[[ DATASET, beginning ]]

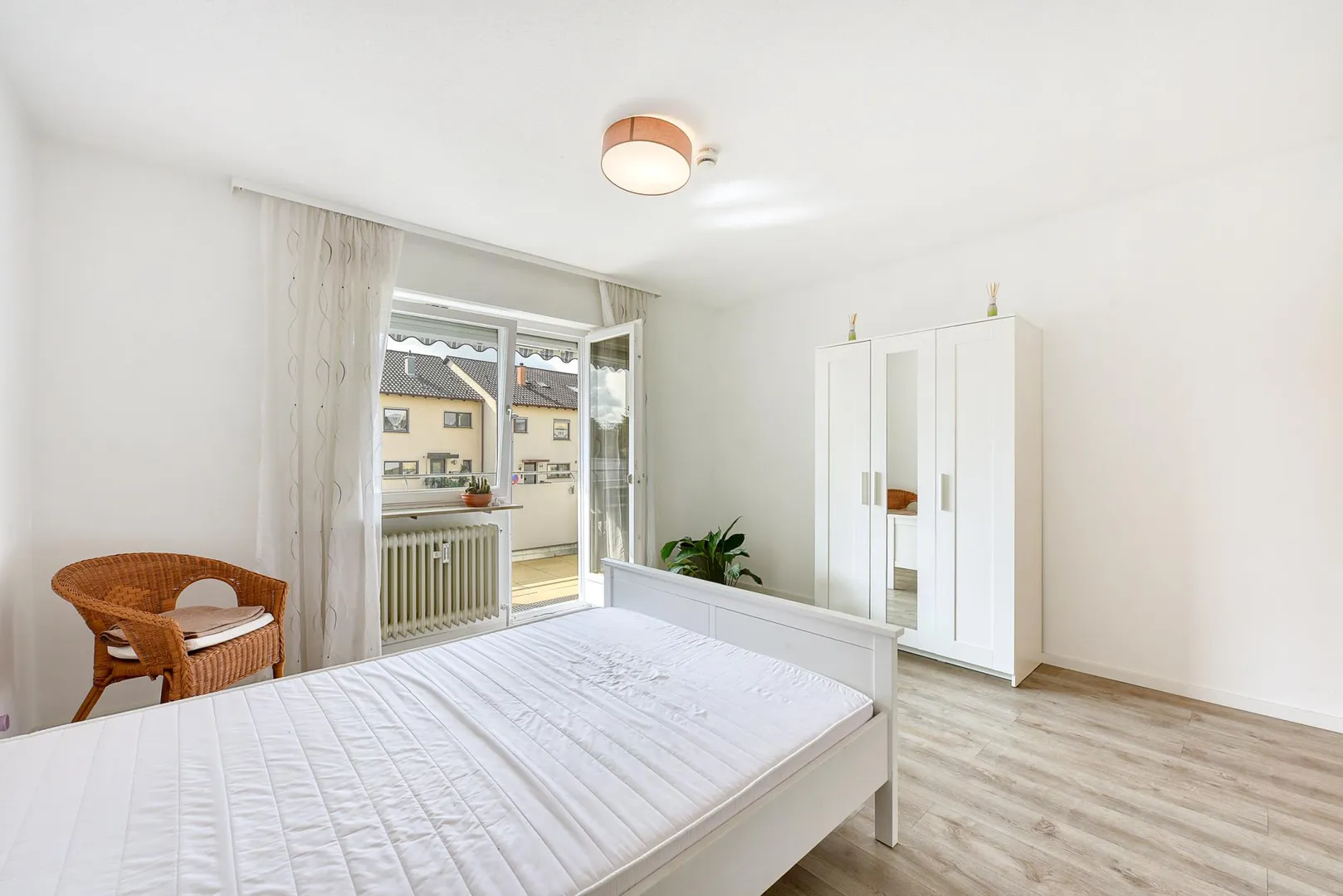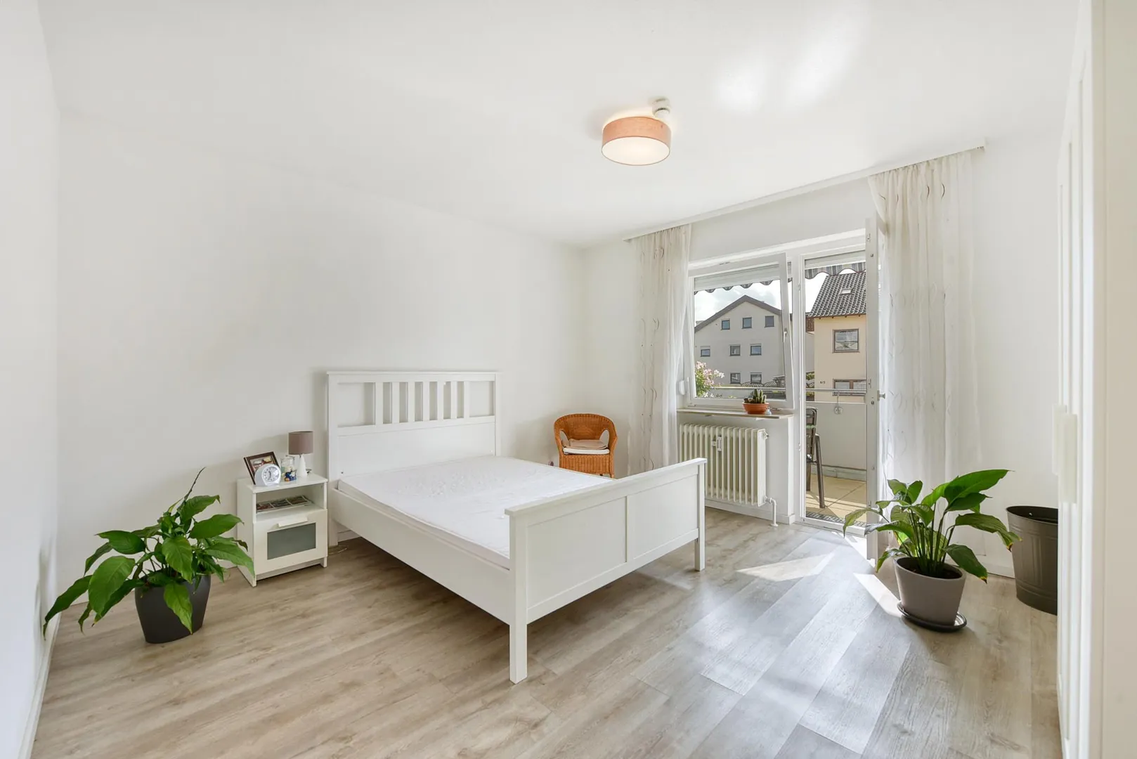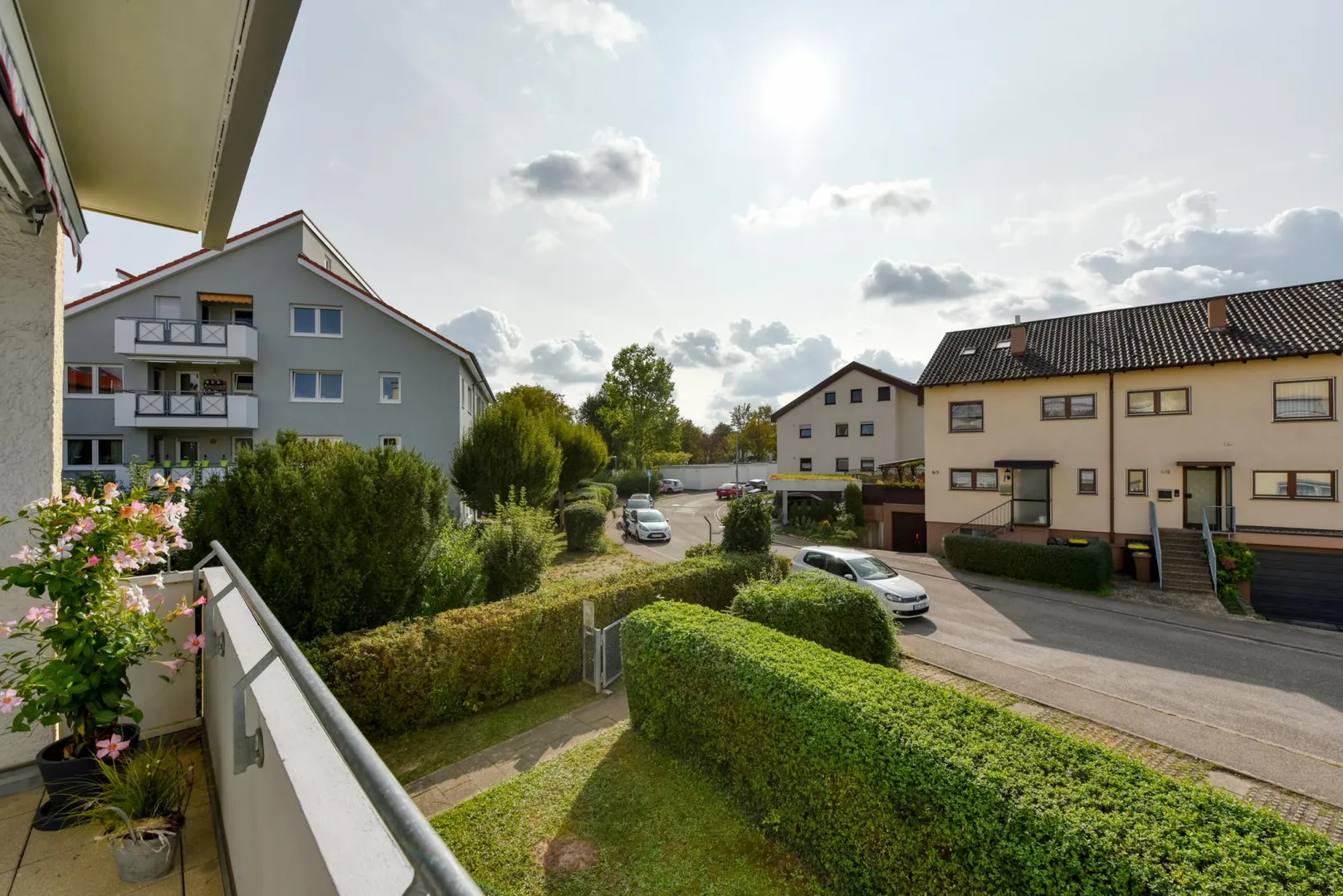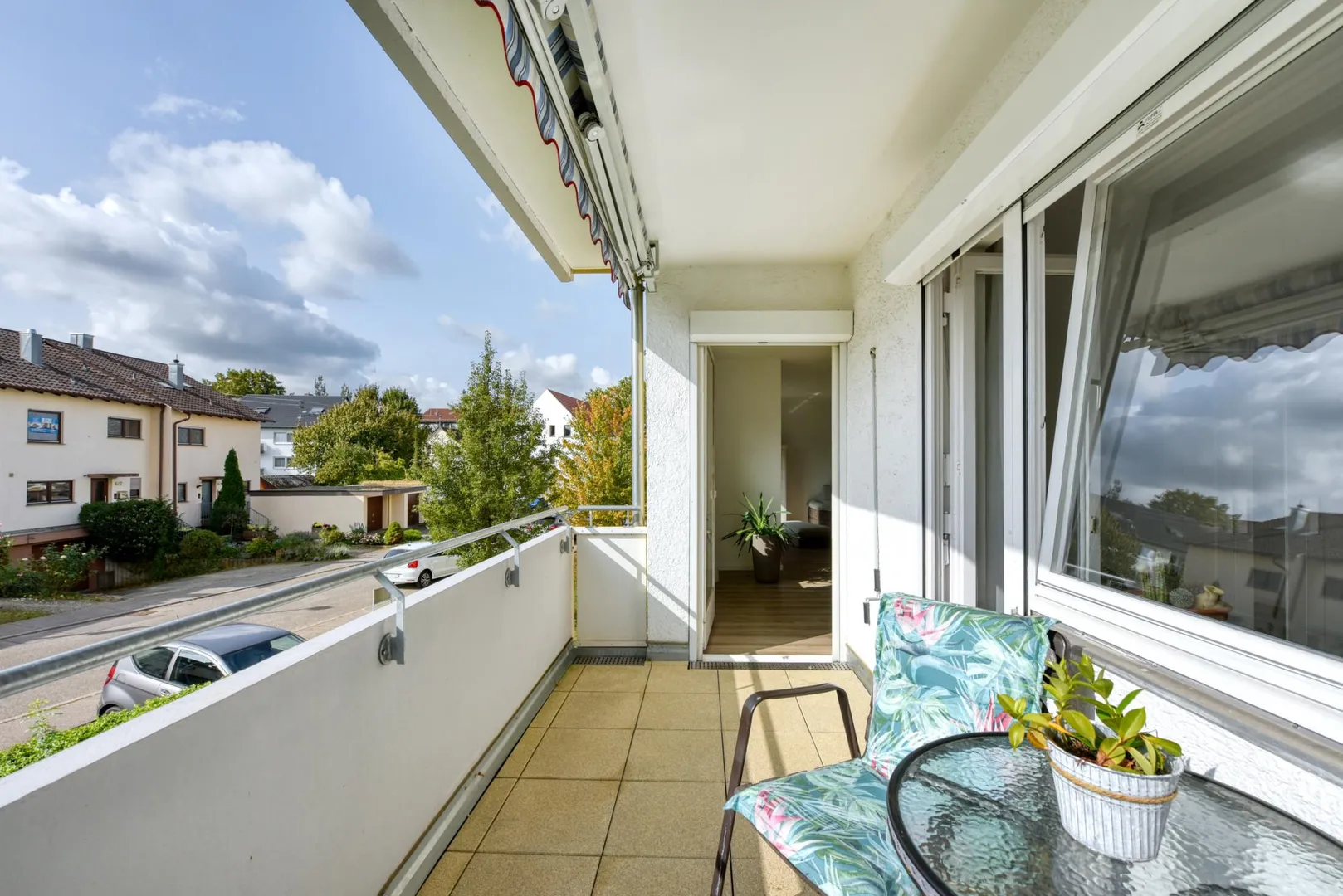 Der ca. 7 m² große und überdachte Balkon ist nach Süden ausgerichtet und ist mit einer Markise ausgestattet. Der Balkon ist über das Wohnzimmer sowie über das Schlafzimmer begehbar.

[[ DATASET, end ]]
[[ DATASET, beginning ]]

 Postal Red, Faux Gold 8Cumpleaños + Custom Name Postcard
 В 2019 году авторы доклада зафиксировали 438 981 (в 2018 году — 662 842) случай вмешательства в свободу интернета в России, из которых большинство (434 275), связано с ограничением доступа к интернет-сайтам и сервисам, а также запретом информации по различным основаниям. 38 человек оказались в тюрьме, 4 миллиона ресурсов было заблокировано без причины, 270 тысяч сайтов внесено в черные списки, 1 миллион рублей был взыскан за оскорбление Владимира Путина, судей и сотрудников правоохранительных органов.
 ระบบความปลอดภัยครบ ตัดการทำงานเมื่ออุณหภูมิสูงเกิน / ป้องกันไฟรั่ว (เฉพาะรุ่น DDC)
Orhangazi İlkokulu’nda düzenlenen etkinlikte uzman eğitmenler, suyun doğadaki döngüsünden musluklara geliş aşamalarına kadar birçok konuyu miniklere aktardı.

[[ DATASET, end ]]

TASK ITEM:
In the data above, which lines lie between the line with "ระบบความปลอดภัยครบ ตัดการทำงานเมื่ออุณหภูมิสูงเกิน /" and the line with "Orhangazi İlkokulu’nda düzenlenen", inclusive? Print those lines exactly and nothing else.

ANSWER FOR THE TASK:
 ระบบความปลอดภัยครบ ตัดการทำงานเมื่ออุณหภูมิสูงเกิน / ป้องกันไฟรั่ว (เฉพาะรุ่น DDC)
Orhangazi İlkokulu’nda düzenlenen etkinlikte uzman eğitmenler, suyun doğadaki döngüsünden musluklara geliş aşamalarına kadar birçok konuyu miniklere aktardı.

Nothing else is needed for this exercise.